● **ASSIGNED TASK**
The records that follow are to be given again exactly.

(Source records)
= = = =

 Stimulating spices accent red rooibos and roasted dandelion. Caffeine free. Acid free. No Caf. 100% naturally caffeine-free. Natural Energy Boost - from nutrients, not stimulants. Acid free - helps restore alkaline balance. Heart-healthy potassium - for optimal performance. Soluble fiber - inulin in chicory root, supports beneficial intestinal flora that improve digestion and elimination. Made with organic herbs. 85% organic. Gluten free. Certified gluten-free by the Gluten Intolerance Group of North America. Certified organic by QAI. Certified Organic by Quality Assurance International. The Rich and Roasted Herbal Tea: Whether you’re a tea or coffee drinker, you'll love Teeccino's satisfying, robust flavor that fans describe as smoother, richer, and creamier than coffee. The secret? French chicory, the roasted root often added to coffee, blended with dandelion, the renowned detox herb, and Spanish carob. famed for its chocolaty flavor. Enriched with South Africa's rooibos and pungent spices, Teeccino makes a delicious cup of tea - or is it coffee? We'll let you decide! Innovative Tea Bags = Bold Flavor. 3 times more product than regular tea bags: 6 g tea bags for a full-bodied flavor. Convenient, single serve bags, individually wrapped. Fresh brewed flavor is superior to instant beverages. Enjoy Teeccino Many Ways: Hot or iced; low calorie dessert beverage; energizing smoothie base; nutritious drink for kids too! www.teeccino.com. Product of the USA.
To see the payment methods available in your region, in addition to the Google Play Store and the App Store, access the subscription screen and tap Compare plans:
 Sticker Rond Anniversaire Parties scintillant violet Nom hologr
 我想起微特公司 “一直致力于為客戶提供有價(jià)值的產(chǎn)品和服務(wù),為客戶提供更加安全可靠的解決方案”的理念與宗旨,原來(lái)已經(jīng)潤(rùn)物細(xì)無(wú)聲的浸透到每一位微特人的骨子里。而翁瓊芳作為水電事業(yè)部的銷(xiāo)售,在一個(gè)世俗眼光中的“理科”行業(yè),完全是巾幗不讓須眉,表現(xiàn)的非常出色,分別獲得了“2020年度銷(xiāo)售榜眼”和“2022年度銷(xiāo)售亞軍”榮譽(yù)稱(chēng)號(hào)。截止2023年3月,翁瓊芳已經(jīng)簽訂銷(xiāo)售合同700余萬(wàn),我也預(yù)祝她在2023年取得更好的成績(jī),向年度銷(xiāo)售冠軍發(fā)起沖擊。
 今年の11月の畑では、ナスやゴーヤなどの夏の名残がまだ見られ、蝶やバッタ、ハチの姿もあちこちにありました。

= = = =

● **FINISHED TASK**
 Stimulating spices accent red rooibos and roasted dandelion. Caffeine free. Acid free. No Caf. 100% naturally caffeine-free. Natural Energy Boost - from nutrients, not stimulants. Acid free - helps restore alkaline balance. Heart-healthy potassium - for optimal performance. Soluble fiber - inulin in chicory root, supports beneficial intestinal flora that improve digestion and elimination. Made with organic herbs. 85% organic. Gluten free. Certified gluten-free by the Gluten Intolerance Group of North America. Certified organic by QAI. Certified Organic by Quality Assurance International. The Rich and Roasted Herbal Tea: Whether you’re a tea or coffee drinker, you'll love Teeccino's satisfying, robust flavor that fans describe as smoother, richer, and creamier than coffee. The secret? French chicory, the roasted root often added to coffee, blended with dandelion, the renowned detox herb, and Spanish carob. famed for its chocolaty flavor. Enriched with South Africa's rooibos and pungent spices, Teeccino makes a delicious cup of tea - or is it coffee? We'll let you decide! Innovative Tea Bags = Bold Flavor. 3 times more product than regular tea bags: 6 g tea bags for a full-bodied flavor. Convenient, single serve bags, individually wrapped. Fresh brewed flavor is superior to instant beverages. Enjoy Teeccino Many Ways: Hot or iced; low calorie dessert beverage; energizing smoothie base; nutritious drink for kids too! www.teeccino.com. Product of the USA.
To see the payment methods available in your region, in addition to the Google Play Store and the App Store, access the subscription screen and tap Compare plans:
 Sticker Rond Anniversaire Parties scintillant violet Nom hologr
 我想起微特公司 “一直致力于為客戶提供有價(jià)值的產(chǎn)品和服務(wù),為客戶提供更加安全可靠的解決方案”的理念與宗旨,原來(lái)已經(jīng)潤(rùn)物細(xì)無(wú)聲的浸透到每一位微特人的骨子里。而翁瓊芳作為水電事業(yè)部的銷(xiāo)售,在一個(gè)世俗眼光中的“理科”行業(yè),完全是巾幗不讓須眉,表現(xiàn)的非常出色,分別獲得了“2020年度銷(xiāo)售榜眼”和“2022年度銷(xiāo)售亞軍”榮譽(yù)稱(chēng)號(hào)。截止2023年3月,翁瓊芳已經(jīng)簽訂銷(xiāo)售合同700余萬(wàn),我也預(yù)祝她在2023年取得更好的成績(jī),向年度銷(xiāo)售冠軍發(fā)起沖擊。
 今年の11月の畑では、ナスやゴーヤなどの夏の名残がまだ見られ、蝶やバッタ、ハチの姿もあちこちにありました。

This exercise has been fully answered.